TV'NİN ŞİDDETE ETKİSİ

çocukların televizyon yoluyla da şiddeti yaşayabildiğini ifade eden Prof. Dr. Faruk Yorulmaz, her üç çocuktan birinin televizyonu ailesinden ayrı, yarısından fazlasının ise kendi seçtiği programı izlediğini söyledi. Türkiye'de her 3 televizyon programından 2'sinin az ya da çok şiddet içerdiğini öne süren Yorulmaz, Türkiye'de şiddeti en açık haliyle sunan ''reality show''lar olduğunu, bunların 12-19 yaş grubu tarafından sıklıkla izlendiğini söyledi. Şiddet görüntülerinin yabancı film ve çizgi filmlerde yoğunlaştığını ifade eden Prof. Dr. Yorulmaz, şunları kaydetti: ''Televizyon programlarında çatışma, trafik kazası, ceset, tabut ve yaralılar gösteriliyor. Haber, spor, hatta müzik programlarında bile şiddet var. Gazete ve dergilerde de yoğun biçimde şiddet bulunuyor. çocuklar televizyondan şiddet içeren tutum ve davranışları gördükçe gerçek yaşamdaki şiddeti olağan algılıyor. Televizyondaki şiddeti seyreden çocuklar, şiddeti uygulayan karakterlerle kendilerini özleştirerek onlar gibi davranmaya başlıyor.''

OKULDA ŞİDDETE KARŞI ALINACAK ÖNLEMLER

Prof. Dr. Yorulmaz, Türkiye'de öğrencilerin yüzde 35'inin haftada en az bir kez şiddet içeren söz ve hakarete maruz kaldığını belirterek, ''Bu olay en fazla sınıfta ve bahçede gerçekleşirken servis araçlarındaki durum bilinmiyor'' dedi. Şiddeti önlemek için aktif çalışan rehber öğretmen ve rehberlik servisleri oluşturarak davranış bozukluğu açısından riskli çocukları belirlemenin faydalı olacağını ifade eden Prof. Dr. Yorulmaz, alınacak tedbirleri şöyle anlattı:

''Okullarda çocukların enerjisini harcayacak sportif ve sosyal aktiviteler olmalı, öğrencilerin bu etkinliklere katılması teşvik edilmelidir. Okulda şiddet açısından riskli yerler kamera ile izlenmelidir. Okul içinde öğretmenler ya da yönetim çok katı, otoriter tutum içinde olmamalı, çocuklara değer vermeli ve onları anlamaya çalışmalılardır. Öğrencilere sık ceza verilmemeli, uygulanan yaptırımlar yapılan hatayla orantılı olmalıdır.'' çocukların günde 2 saatten fazla televizyon izlemesine izin verilmemesini öneren Prof. Dr. Yorulmaz, ebeveynlerin, izlenecek programları önceden seçmesini, seçilen program bitiminde televizyonu kapatması gerektiğini söyledi. çocuğun odasında televizyon bulunmaması gerektiğini ifade eden Prof. Dr. Yorulmaz, ''Anne-baba, öğretmen ve büyük kardeşler daha küçüklere şiddet uygulamamalıdır'' dedi.

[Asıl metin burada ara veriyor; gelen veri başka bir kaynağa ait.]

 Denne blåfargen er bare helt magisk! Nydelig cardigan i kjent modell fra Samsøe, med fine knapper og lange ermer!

Aile bireyleri arasındaki ilişkilere son derece dikkat edilmesi gerektiğini ifade eden Prof. Dr. Yorulmaz, okul çevrelerinde zarar verebilecek kişilerin ya da zararlı maddeler satan kişilerin bulunmasının sıkı biçimde denetlenerek engellenmesi gerektiğini sözlerine ekledi.



AA
 

BIYIKLI

V.I.P
V.I.P
Öğrenciler şiddete dizilerden özeniyor
MEB araştırmasına göre, okullarda şiddeti körükleyen birinci neden öğrencilerin TV kahramanlarına özenmesi.

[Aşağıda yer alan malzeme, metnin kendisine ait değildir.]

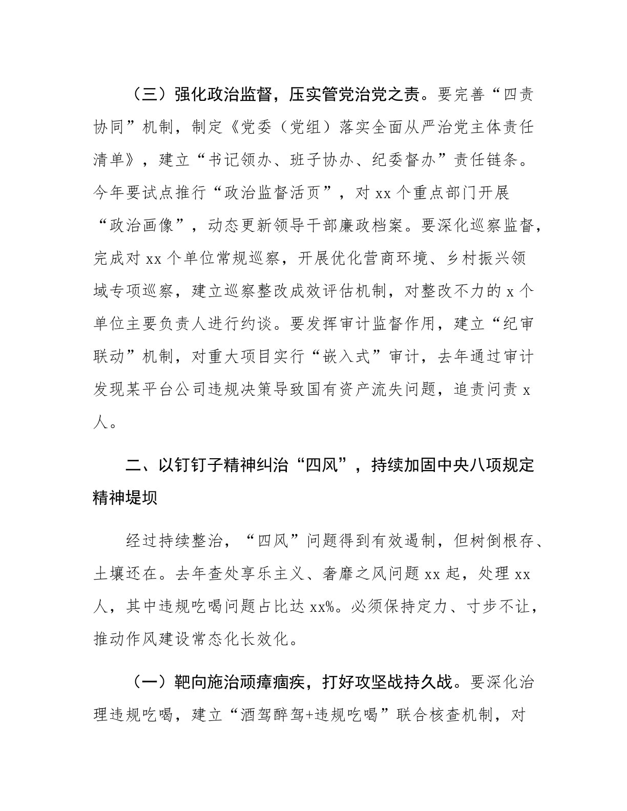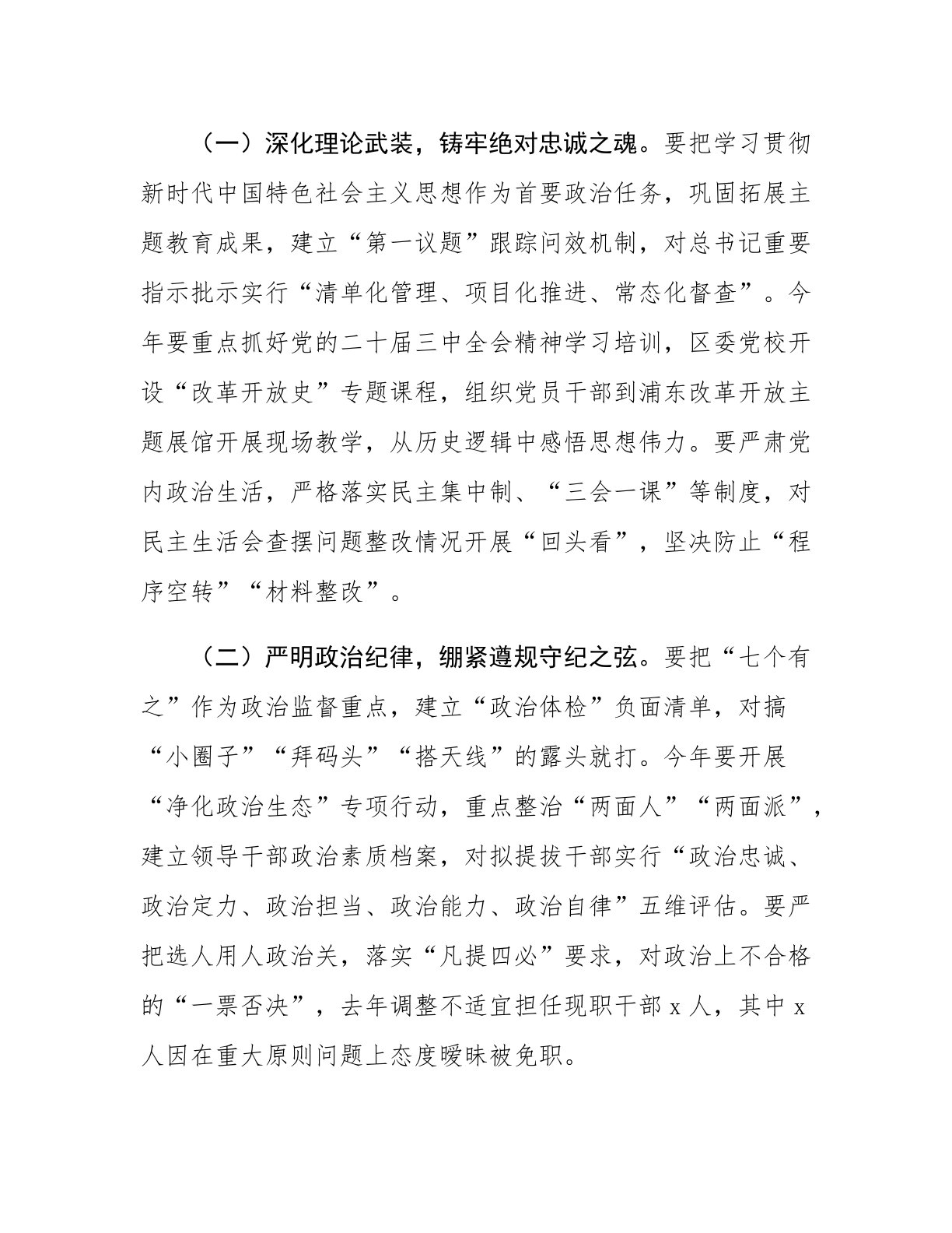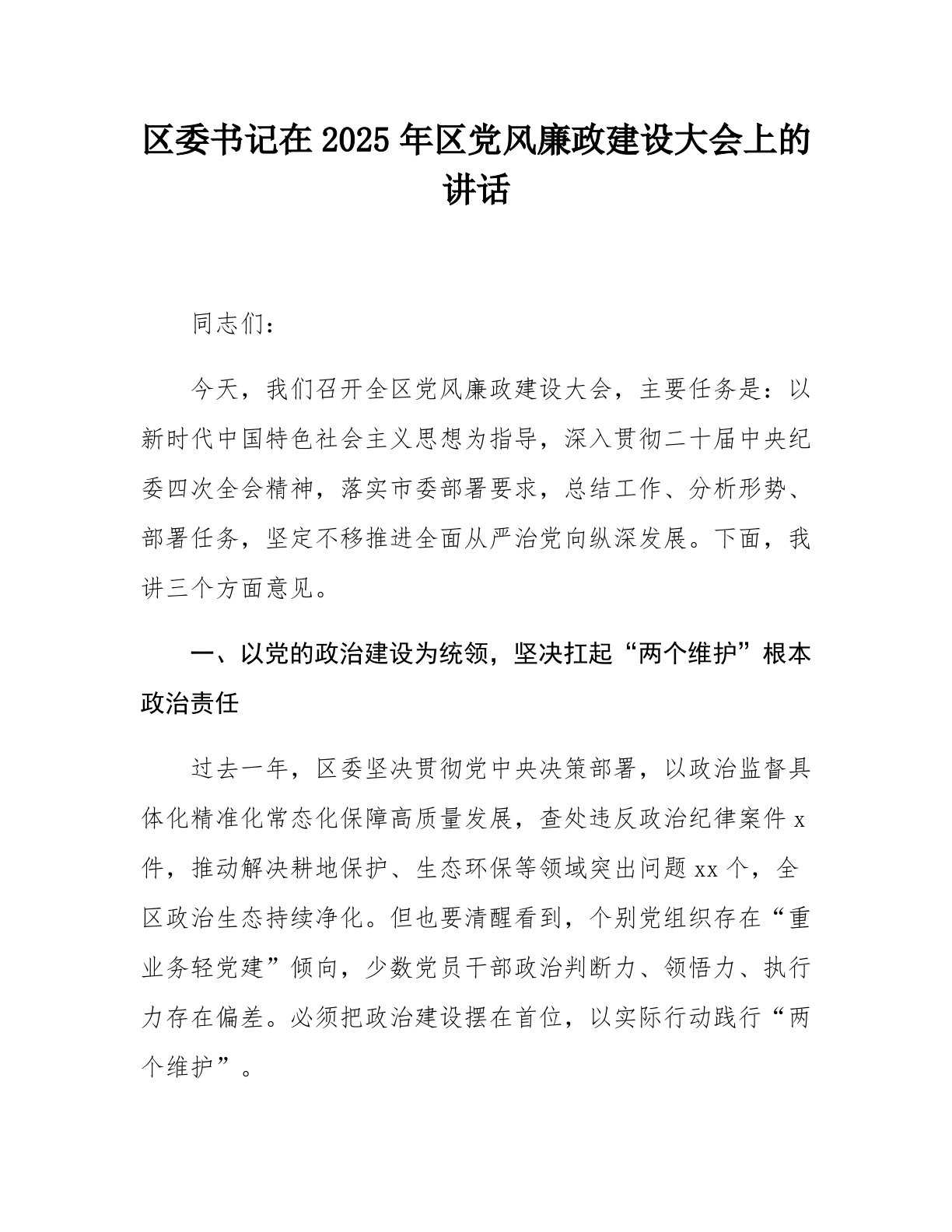区委书记在2025年区党风廉政建设大会上的讲话同志们:今天,我们召开全区党风廉政建设大会,主要任务是:以新时代中国特色社会主义思想为指导,深入贯彻二十届中央纪委四次全会精神,落实市委部署要求,总结工作、分析形势、部署任务,坚定不移推进全面从严治党向纵深发展。下面,我讲三个方面意见。一、以党的政治建设为统领,坚决扛起“两个维护”根本政治责任过去一年,区委坚决贯彻党中央决策部署,以政治监督具体化精准化常态化保障高质量发展,查处违反政治纪律案件x件,推动解决耕地保护、生态环保等领域突出问题xx个,全区政治生态持续净化。但也要清醒看到,个别党组织存在“重业务轻党建”倾向,少数党员干部政治判断力、领悟力...

Milli Eğitim Bakanlığı'nın öğrenciler üzerinde gerçekleştirdiği araştırma sonucu, şiddetin kaynağı yüzde 58.6 oranında çocukların TV'deki film kahramanları gibi güçlü olma isteği olduğu belirlendi. Milli Eğitim Bakanlığı'nca, öğrencilerinin şiddete bakış açılarını tespit etmek için düzenlenen anket İstanbul, Ankara, İzmir, Diyarbakır, Bolu ve Mersin'in aralarında bulunduğu 14 büyük ilde yapıldı. İlköğretim 7 ve ortaöğretim 10'uncu sınıf öğrencilerine uygulanan ankete 1120 öğrenci katıldı. Anketin sonuçlarına göre, öğrenciler şiddete maruz kaldıkları yer sorulduğunda birinci sıraya okulu yerleştirdi. "Ailede şiddet var mı" sorusuna verilen yanıtlara göre da ailede şiddet anne-baba veya çocuk arasında değil, kardeşler arasında yaşanıyor. Kardeşler arasında şiddet oranı yüzde 37.6, anne-baba arasında yüzde 14.6, baba ile çocuklar arasında yüzde 9.1, anne ile çocuklar arasında yüzde 7.5 oranında şiddet var.

KARİZMA İÇİN KESİCİ ALET
Öğrencilerin "Şiddet uygulanan bir ortamda kaldınız mı?" sorusuna yanıtı ise yüzde 52.4'le "Evet". Öğrencilerin yüzde 94.3'ü "kesici alet taşımadığını" belirtirken, kesici alet taşıyanlar bunun nedenlerini, 'güvensiz ortam, gösteriş, filmlerdeki karakterlere özen ve karizma' olarak sıraladı. "Çevrenizdeki çocuklardan şiddet eğilimi taşıyanların mutlu bir aile yaşantısı olduğuna inanıyor musunuz" sorusuna öğrencilerin yüzde 89.7'si "hayır" derken, "Başarısız insanlar şiddete daha fazla eğilimlidir" görüşünü öğrencilerin yüzde 59.2'si "evet", yüzde 38.4'ü "hayır" olarak yanıtladı.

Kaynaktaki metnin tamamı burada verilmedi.